"Let Your Head Go" is a song by British singer-songwriter Victoria Beckham, intended on her unreleased second studio album. It was released as a double A-side with "This Groove" on 29 December 2003 by Telstar Records. In 2004, it was included on the video album The 'Réal' Beckhams, after her record company went bankrupt before it surfaced.

"Let Your Head Go" entered the UK Singles Chart at number three, the highest new entry for the week, and also tied with Emma Bunton's "Downtown" as the highest chart position for a solo Spice Girl since Geri Halliwell's "It's Raining Men" topped the chart in 2001. It became the 88th best selling UK single of 2004.

Background
In 2002, Beckham signed a contract with Telstar Records and 19 Management worth £1.5 million.

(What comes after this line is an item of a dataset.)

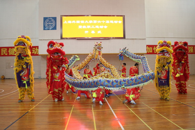 17个院系代表队的方阵依次入场,带着各具特色的表演纷纷通过主席台,向校领导展示院系的风采和积极的体育面貌。校运会的文体展示环节,率先登场的是由我校学生为代表的舞龙舞狮表演。我校积极响应国家“传统文化进高校”的号召,舞龙队的成立和舞龙课程的开设已将近2年时间,去年校运会初次亮相在全校师生面前进行表演,给师生带来全新的开幕式体验。本次校运会展示增加舞狮表演,配以京锣、鼓钹伴奏,两条舞龙时缓时急,蜿蜒翻腾,熠熠生辉;四只舞狮成双成对,表演腾翻、扑跌、跳跃、登高等技巧,生动形象、惟妙惟肖,在弘扬传统文化的同时,给师生带来一场视听盛宴,振奋人心,为运动员加油助威。狮子嘴中吐出两个彩头“弘扬爱国奋斗精神,建功立业新时代”、“享受乐趣、增强体质,健全人格、锤炼意志”,寓意在党中央领导的中国特色社会主义新时代积极贯彻习近平总书记系列讲话精神,大力发展体育强国建设,发挥体育育人功能,增强学生身体素质,培养学生的团队合作精神,为助推学校“双一流”建设服务。舞龙舞狮表演之后,进行传统的广播操和啦啦操表演。广播操以英语学院、德语系和西方语系三支学生队伍为代表,年轻的脸庞,标准的动作,迸发青春的活力;啦啦操以国际工商管理学院、国际金融贸易学院和东方语学院三支学生队伍为代表,旋转飞舞的彩虹伞为啦啦操增添了绚丽的色彩,优美的舞姿展现上外学生的多姿多彩。

Beckham then began recording a pop-influenced album, Open Your Eyes, which yielded the single "Let Your Head Go", but she allegedly chose not to release it after being disappointed with the results. Instead of pop and R&B, Beckham wanted a more urban sound and worked with urban producer Damon Dash to work on the hip hop-influenced R&B album Come Together. A Dash-produced track, "It's That Simple" featuring M.O.P., premiered on radio stations in July 2003, generating mixed reviews.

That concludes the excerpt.